To investigate whether food plant and genotype had an influence on the weight gain of P. cochleariae a two-way ANOVA with food plant and genotype as explanatory factors was applied. To achieve variance homogeneity data were log-transformed. Variance homogeneity and normality of the residuals were checked graphically. The Tukey HSD test was applied to reveal differences between groups of a certain explanatory factor.

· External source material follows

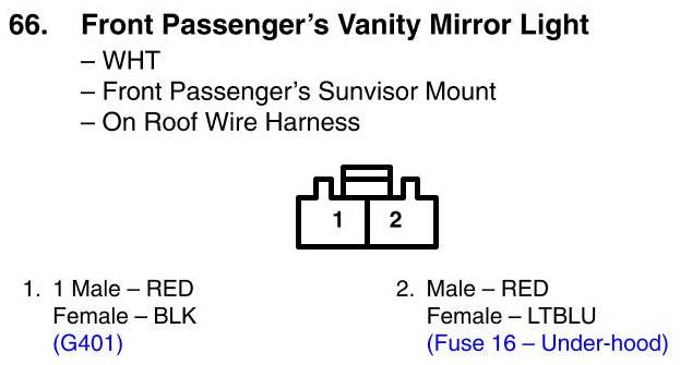 View 66 - Front Passenger's Vanity Mirror Light Connector View

In order to test whether the time needed from larval hatching to adult eclosion was different between P. cochleariae lines (genotypes) and dependent on the food plant Poisson generalized linear models (glm) were used. P values for explanatory variables were obtained by stepwise deleting explanatory variables and comparison of the more complex model with the simpler model (79). Factor level reduction was applied to determine differences between groups of a certain explanatory variable (80). These analyses were done in R 4.1.2 (https://www.R-project.org/).

Data, Materials, and Software Availability.

All study data are included in the article and/or SI Appendix.